— Ну что ж вы молчите? — крикнул полковник [1534]. — Кто у вас там в венгерца наряжен?
— Полковник... — голос оборвался у капитана.
— Ну что полковник? Полковник, полковник, а что полковник, никому не известно. [1535]
— Полковник, это разжалованный... — выговорил капитан с таким видом, как будто для разжалованного могло быть допущено исключение.
— Что он в фельдмаршалы разжалован что ли? Или в солдаты? А солдат, так должен быть одет как все, по форме.
— Полковник, [1536]вы сами разрешили ему походом.
— Как разрешил? Вот вы всегда так, молодые люди, — сказал полковник, [1537]остывая несколько, [1538]— разрешили... вам что нибудь скажешь, а вы и... Вот всегда так, молодые люди, что нибудь скажешь, а вы и, что? — сказал полковник, снова раздражаясь. [1539]— Извольте одеть людей прилично. — И полковник, оглянувшись на адъютанта, своей вздрагивающей походкой, выражавшей всё таки не безъучастие к прекрасному полу, направился к рядам 3-й роты. [1540]
— Как [1541]стоите? Где нога? Нога где? — закричал полковой командир с выражением страдания в голосе, еще человек на пять не доходя до [1542]солдата, одетого в [1543]синеватую шинель. Солдат этот, отличавшийся от других свежестью лица и шеи и длиною вьющихся белокурых волос, медленно выпрямил согнутую ногу и прямо светлым и наглым взглядом весело смотрел на лицо полковника. Отвесно прямая черта его верхней губы в середине клином опускалась на нижнюю, в углах губ оставались две улыбки. [1544]
— Зачем синяя шинель? Долой! Фелдвебель...
— Полковник разрешил.
— Опять! Я вам дам...
Но в это мгновение полковник поравнялся с Долоховым и глаза их встретились. Полковник замолчал, сердито оттягивая книзу тугой шарф.
— Извольте переодеться, прошу вас. [1545]
— Едет! — закричал махальный.
Полковник выбежал вперед, выпрямился, вынул шпагу с счастливым решительным лицом, на бок раскрыв [1546]рот, и из затянутой мундиром выпуклой груди зазвучал такой страшно сильный голос, что ясно было: что бы ни предлагали полковнику в награду, чем бы ни угрожали полковнику, он не мог закричать громче этого.

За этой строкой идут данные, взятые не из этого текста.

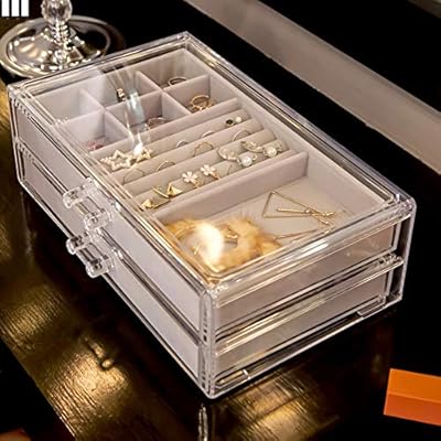 صندوق تخزين المجوهرات الشفاف Kcakek صندوق عرض مجوهرات شبكي دبوس الشعر مجوهرات تخزين خرطوشة التخزين خزائن بسيط خاتم الغبار مجوهرات صندوق تخزين مجوهرات Large Amazon Ae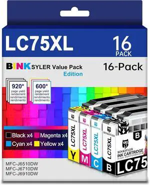 16PKS LC75 Ink Cartridges XL High Yield for Brother LC71 LC75XL LC79 XXL LC-71 LC-75 LC-79 (4BK/4C/4M/4Y)

— Смирно! — закричал полковник.
По широкой, обсаженной деревьями, большой, бесшоссейной дороге, слегка погромыхивая рессорами, шибко рысью ехала высокая, голубая, венская коляска цугом. За коляской скакала свита и конвой кроатов. Подле Кутузова сидел австрийский генерал в белом мундире. Они о чем то тихо говорили, и Кутузов слегка улыбнулся в то время, как он, тяжело ступая, спускал ногу с подножки.
По тому, как полковник салютовал главнокомандующему, впиваясь в него глазами, вытягиваясь и подбираясь и прижимая руку к козырьку, как он, наклоненный вперед, ходил за генералами по рядам, едва удерживая подрагивающее движение, как вздрагивал при каждом слове и движении главнокомандующего, видно было, что он исполнял свои обязанности подчиненного еще с большим наслаждением, чем обязанности начальника.
Полк, благодаря строгости и старательности полкового командира, был в прекрасном состоянии срав[нительно]
* № 20 (рук. № 60. Т. I, ч. 2, гл. III).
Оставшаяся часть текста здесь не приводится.